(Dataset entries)
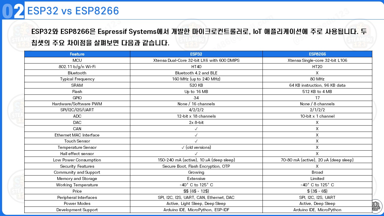 - ESP32는 160 MHz의 주파수로 동작하는 반면, ESP8266은 80 MHz로 동작합니다. 이는 ESP32가 더 빠른 연산 속도를 가짐을 보여줍니다.
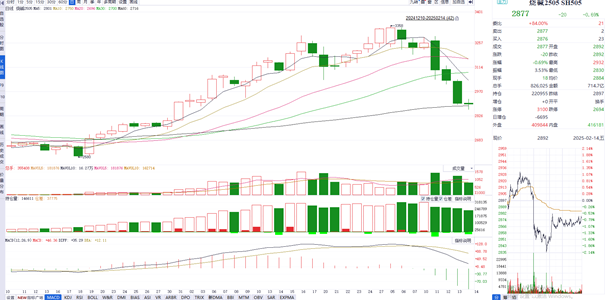 烧碱主力合约(SH2505合约)于2月5日冲高至3358高点后持续下跌至2月17日最低点2830,下跌幅度超15%。上周二以来持续五个交易日下跌,且2月11日、12日、13日单日跌幅均超2%,日内波动较大。截至2月17日,SH2505合约收盘价为2877,相比2月7日收盘价3227环比下跌10.8%。
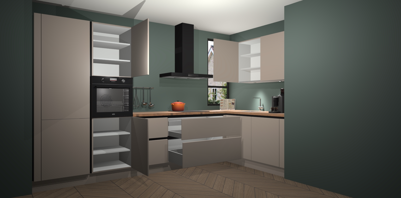 Welkom in uw nieuwe moderne keuken! Laat ons u voorstellen aan de Kasjmier greeploze keuken Vlaanderen. Deze prachtige hoekkeuken straalt exclusiviteit en luxe uit als geen ander. Het strakke design, de tijdloze kleuren en het greeploze model maken van deze keuken een moderne klassieker. En met voldoende opbergruimte heeft deze keuken echt voor ieder wat wils.
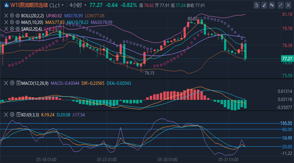 (美原油(美原油06,93.75,0.78%,模拟交易)05,102.21,0.64%,模拟交易)技术面分析】:原油上周五下探回升收高,周内连跌四日,上涨一日,惯性下探后之后继续回升区间之内,收回77.0上方,局部继续围绕低点之下拉锯震荡,三次下探回升。继续稳固了低点区域的支撑,本周76.10-76.60低点依旧是关键。三次测低回升,是构造底部回升还是蓄势破低走弱,留意低点与颈线间的争夺,决定后市方向。4小时图再次的大阳线探底回升,与此前76.80 76.68 双低点形成三针探底之迹象。尾盘原油重点关注周五美盘反弹高点78.5以及四小时MA120
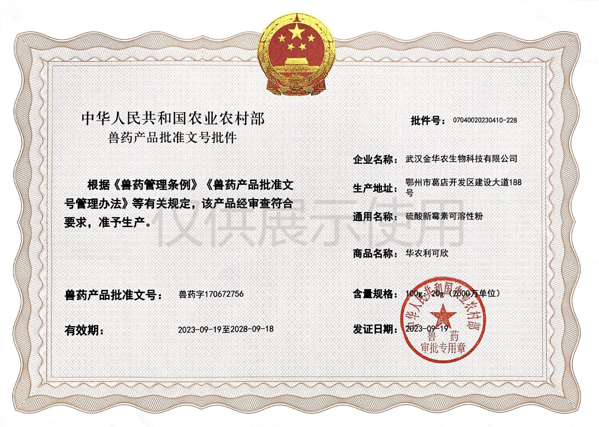 近日,我司申報的新獸藥“華農感康靈”(荊防敗毒散)、“華農利可欣”(20%硫酸新霉素可溶性粉)正式獲批,并獲得國農業農村部頒發的新獸藥產品批準文號批件。
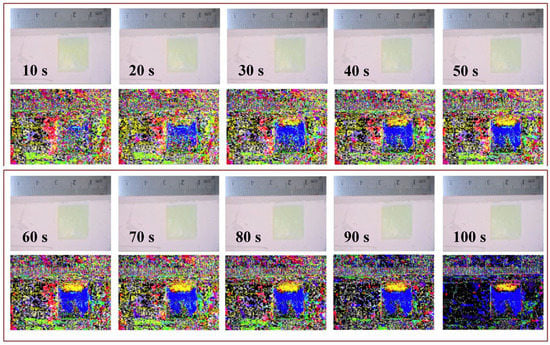 This figure shows 10 sets of 2 images, where the top image is the unprocessed still frame that includes a time stamp, and the bottom image is the result of subtracting that frame from the initial frame at time zero. This time-lapse comparison of subtracted images to unprocessed images is the series of frame at time zero. This time-lapse comparison of subtracted images to unprocessed images is the series of frames where solution (1) is 50% glycerol (yellow) and solution (2) is 100% water (blue).
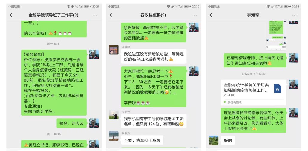 “陈慧敏老师好,请你梳理一下这个通知精神的要点,我们力争想办法做一个更简洁明晰的信息收集方案,可能会更快捷一些!”接受——消化——处理——落实,162名教职工(含博士后、劳务派遣人员、临聘人员、社会服务外聘人员)各种状况数据及个人台账,在3个小时之内全部整理清楚。

▶ **Problem to work on**
Copy the records exactly, minus any pictures.

▶ **Worked solution**
 - ESP32는 160 MHz의 주파수로 동작하는 반면, ESP8266은 80 MHz로 동작합니다. 이는 ESP32가 더 빠른 연산 속도를 가짐을 보여줍니다.
 烧碱主力合约(SH2505合约)于2月5日冲高至3358高点后持续下跌至2月17日最低点2830,下跌幅度超15%。上周二以来持续五个交易日下跌,且2月11日、12日、13日单日跌幅均超2%,日内波动较大。截至2月17日,SH2505合约收盘价为2877,相比2月7日收盘价3227环比下跌10.8%。
 Welkom in uw nieuwe moderne keuken! Laat ons u voorstellen aan de Kasjmier greeploze keuken Vlaanderen. Deze prachtige hoekkeuken straalt exclusiviteit en luxe uit als geen ander. Het strakke design, de tijdloze kleuren en het greeploze model maken van deze keuken een moderne klassieker. En met voldoende opbergruimte heeft deze keuken echt voor ieder wat wils.
 (美原油(美原油06,93.75,0.78%,模拟交易)05,102.21,0.64%,模拟交易)技术面分析】:原油上周五下探回升收高,周内连跌四日,上涨一日,惯性下探后之后继续回升区间之内,收回77.0上方,局部继续围绕低点之下拉锯震荡,三次下探回升。继续稳固了低点区域的支撑,本周76.10-76.60低点依旧是关键。三次测低回升,是构造底部回升还是蓄势破低走弱,留意低点与颈线间的争夺,决定后市方向。4小时图再次的大阳线探底回升,与此前76.80 76.68 双低点形成三针探底之迹象。尾盘原油重点关注周五美盘反弹高点78.5以及四小时MA120
 近日,我司申報的新獸藥“華農感康靈”(荊防敗毒散)、“華農利可欣”(20%硫酸新霉素可溶性粉)正式獲批,并獲得國農業農村部頒發的新獸藥產品批準文號批件。
 This figure shows 10 sets of 2 images, where the top image is the unprocessed still frame that includes a time stamp, and the bottom image is the result of subtracting that frame from the initial frame at time zero. This time-lapse comparison of subtracted images to unprocessed images is the series of frame at time zero. This time-lapse comparison of subtracted images to unprocessed images is the series of frames where solution (1) is 50% glycerol (yellow) and solution (2) is 100% water (blue).
 “陈慧敏老师好,请你梳理一下这个通知精神的要点,我们力争想办法做一个更简洁明晰的信息收集方案,可能会更快捷一些!”接受——消化——处理——落实,162名教职工(含博士后、劳务派遣人员、临聘人员、社会服务外聘人员)各种状况数据及个人台账,在3个小时之内全部整理清楚。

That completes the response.